Advice from NHS West Essex CCG said: ‘Patients who have been prescribed sildenafil privately because they did not meet the SLS eligibility criteria will be able to have generic sildenafil prescribed on the NHS. We recommend that quantities are not changed and remain the same.

‘When prescribing these products please consider that these drugs do have a street value and quantities should be agreed after a discussion with the patient assessing realistic needs.’

But Dr Martin Duerden, prescribing advisor to the RCGP and a GP in Conwy, Wales, questioned whether GPs should be expected to ‘ration’ the treatment – and whether the cost concerns were valid.

Dr Duerden said: ‘Can we really ration sex in this way?
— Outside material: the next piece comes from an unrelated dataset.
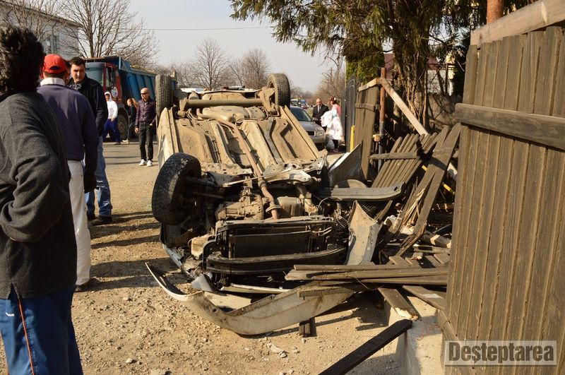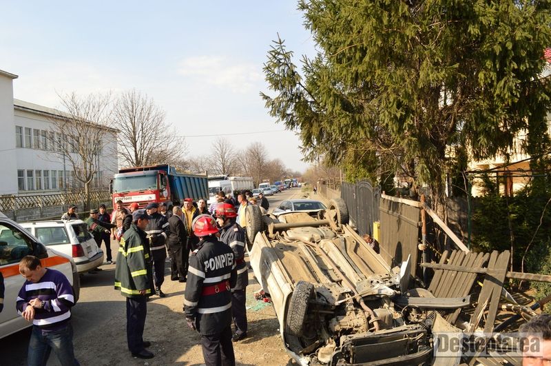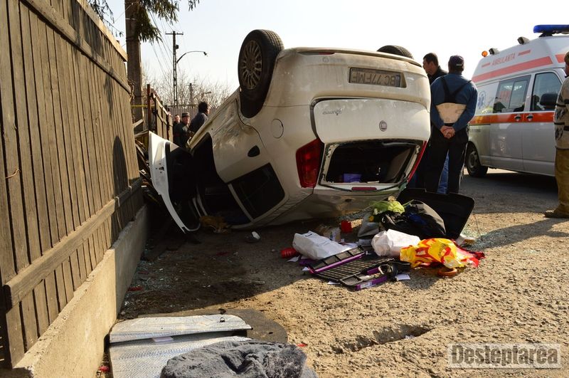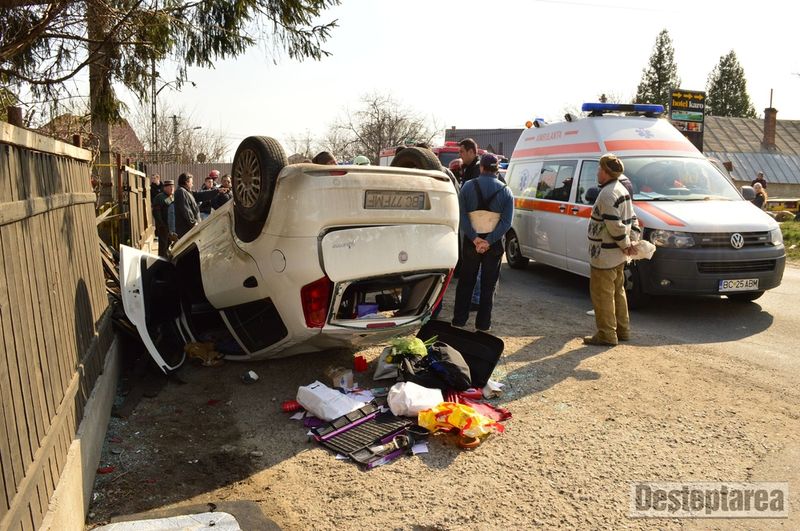 O soferita a fost ranita, astazi, intr-un accident petrecut pe strada Arcadie Septilici din municipiul Bacau. Politistii spun ca masina condusa pe care o conducea a intrat intr-o depasire periculoasa si a lovit o bordura, dupa care s-a rasturnat si a lovit alte doua autoturisme, oprindu-se intr-un gard.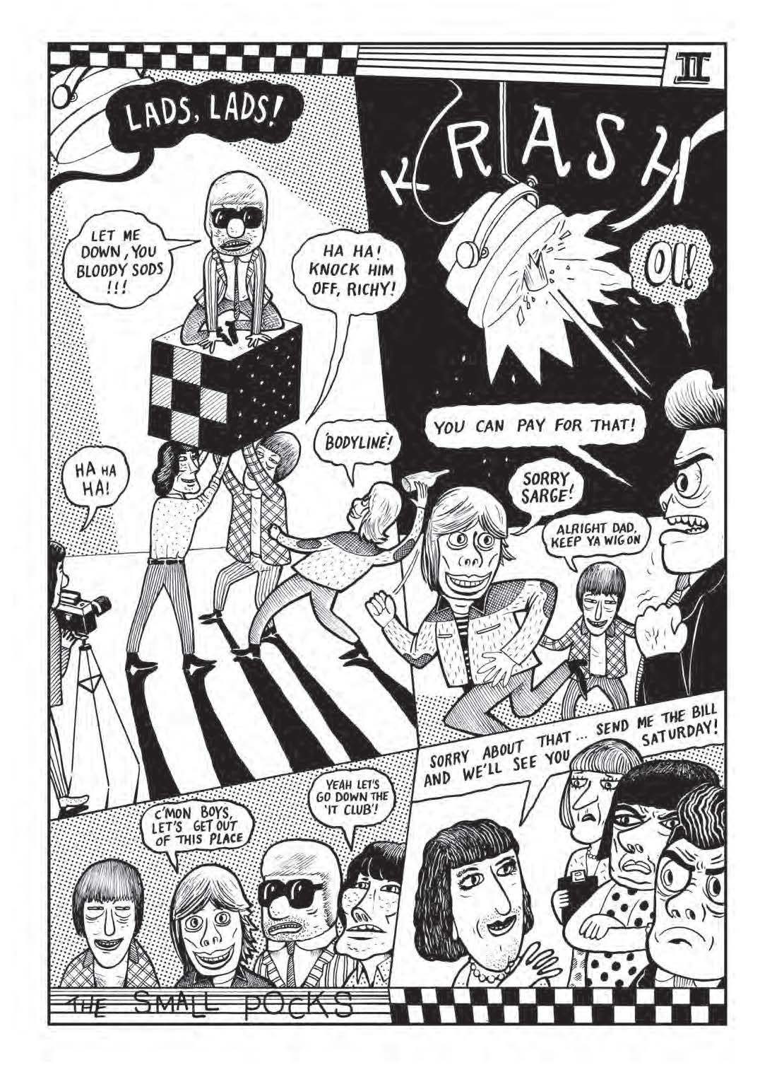 The book's central narrative is the race to find an antidote to Vic's shrinking in time to perform on the enormously popular live TV show Ready For Pop, a send-up of shows like Ready Steady Go. The hero of the book is Detective Chief Inspector Ladyshoe, who leads a Scotland Yard team in search of clues. The book unfolds like a storytelling problem that Hurk created for himself, laying down new narrative pipe in chapter after dizzying chapter until finally bringing all the threads together. Along the way we meet a washed-up, alcoholic comedian given a chance to host the show, a string of Vic Vox's rivals that included anarchic Rolling Stones analogues called the Small Pocks, absurd police sketches (a truly inspired gag!), the initiation rites of a local Masonic-type lodge, the ambitions of a young female pop singer & her manager-boyfriend, the sinister machinations of an American cigarette company, assorted charismatic and thuggish British gangsters, gunplay, fisticuffs, billiards halls, assassin monkeys and the like.

The reality is that prescriptions for generic sildenafil have no restrictions and I think each person should be assessed as individuals – some will need more, some will need less.’

Dr Duerden welcomed NHS West Essex CCG’s commitment to allowing GPs to use their clinical judgement – the CCG says GPs may continue to follow DH advice permitting more than one treatment per week if they feel it is appropriate – but criticised references to the ‘street value’ of the drug.

He added: ‘The issue of “street value” for these drugs is obviously a concern but common sense and clinical judgement should prevail. Cost should not be much of an issue – eight tablets cost around £3.’

Dr Andrew Green, chair of the GPC’s clinical and prescribing subcommittee and a GP in Hedon, East Yorkshire, agreed GPs should be able to use their judgement to prescribe generic sildenafil rather than adhere to imposed limits – and said GPs should ignore local guidance if they felt it was too restrictive.

Dr Green said: ‘I would advise GPs to prescribe in exactly the same way as they would for other drugs, that is to supply a quantity to meet the patient’s reasonable need with an awareness of the possibility that a few patients might seek supplies for the use of others not themselves.’

He added: ‘Sildenafil is no different from any other drug in this respect, it is the GP’s signature on the prescription and the GP who bears responsibility for it, and so the GP must decide on its appropriateness both in terms of the drug itself and also in terms of the quantity prescribed. GPs should be mindful of local guidance but if in the opinion of the GP there is a reason for prescribing outside those guidelines then they should do so.’